El Mercado Argentino de Valores se afianza como alternativa para que las pymes se financien a tasas más bajas.

Domingo 07 de Julio de 2019

Financiarse a un costo de 45% cuando las tasas de los créditos rondan el 70% es más que interesante. En un contexto económico turbulento, el Mercado Argentino de Valores (MAV) ofrece opciones de financiamiento conveniente para las pymes, segmento al que apunta para conectar con el mercado de capitales. Fernando Luciani, director ejecutivo del MAV, destacó que esa diferencia de tasa opera hoy como estímulo para fomentar ese acercamiento, aunque reconoció que hay muchas empresas a las que todavía les cuesta vincularse con el sistema. Hay incluso, dijo, una barrera cultural. “El financiamiento es una herramienta para crecer, ninguna empresa crece con financiamiento propio, ni Google; si no lográs desterrar el concepto de que es algo nocivo, no hay crecimiento posible”, enfatizó el también vicepresidente de Rosario Valores SA y presidente de Rosario Fiduciaria.

—El mercado de capitales se presenta como una alternativa de financiamiento más atractiva para las pymes en un contexto de altas tasas, ¿Cómo se está moviendo este segmento?

— Las tasas tienen que ser positivas siempre pero en esta coyuntura son muy altas y esto tiene que ver directamente con la política monetaria. Eso determina que cuando alguien se quiere financiar está en una situación compleja. Cuando mirás quién es el mayor tomador de financiamiento bancario siempre es el sector público, en los últimos 70 años. El mercado no es más que el encuentro del ahorro y la inversión, y el ahorro que va desde los 10 mil pesos por mes a millones, lo demanda violentamente el sector público. Lo que queda para el sector privado es poquito y consecuentemente esa poca plata tiene alta la tasa. Esa es la foto general. Se desmarca un poco el mercado de capitales. Es como una paradoja: el crédito se contrajo a nivel general pero en el MAV en particular en los dos últimos años creció muchísimo.

—¿Qué lo favoreció?

—Estamos estrictamente especializados en empresas pymes y cuestiones productivas. Y ese nicho creció muchísimo. Además, se generaron una serie de incentivos al financiamiento pyme a través del mercado de capitales que traccionan las operaciones. Hoy tenemos compañías de seguros, fondos comunes de inversión, como los líderes tomadores de financiamiento pyme. En segunda línea, el Estado nacional creó el Fondep, que es un fondo público que compra exclusivamente productos pyme. Eso genera una gran demanda.

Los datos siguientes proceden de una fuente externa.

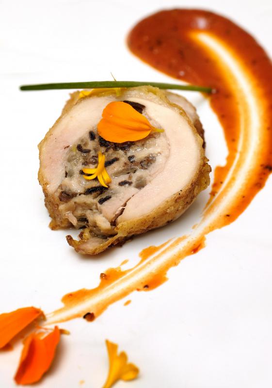 牡丹酱算是少见的酱料,一般用来搭羊肉或牛肉,鲜少跟鸡肉组合。色泽上,该酱料的金红色配合鸡卷,呈现了新年的喜气。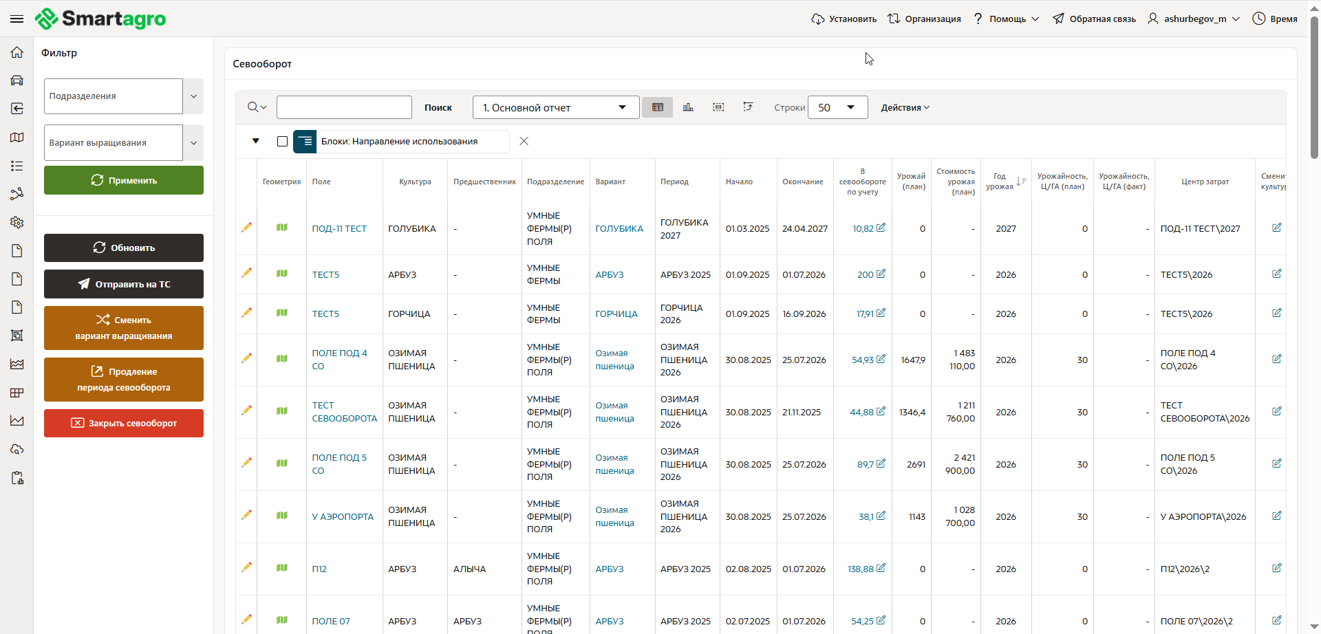 • На экране отобразится таблица со списком всех севооборотов предприятия

Podés ver tasas de financiamiento en el mercado de capitales en torno al 45%, cuando esa misma pyme va a otra ventanilla y paga el 70%. Indudablemente es muy tentador. Nosotros en algunos productos crecimos el 100%. Las pymes asociadas a los agentes de Bolsa y que operan en MAV obtienen una tasa mejor en 20 ó 30 puntos.

—¿Qué instrumentos financieros están disponibles?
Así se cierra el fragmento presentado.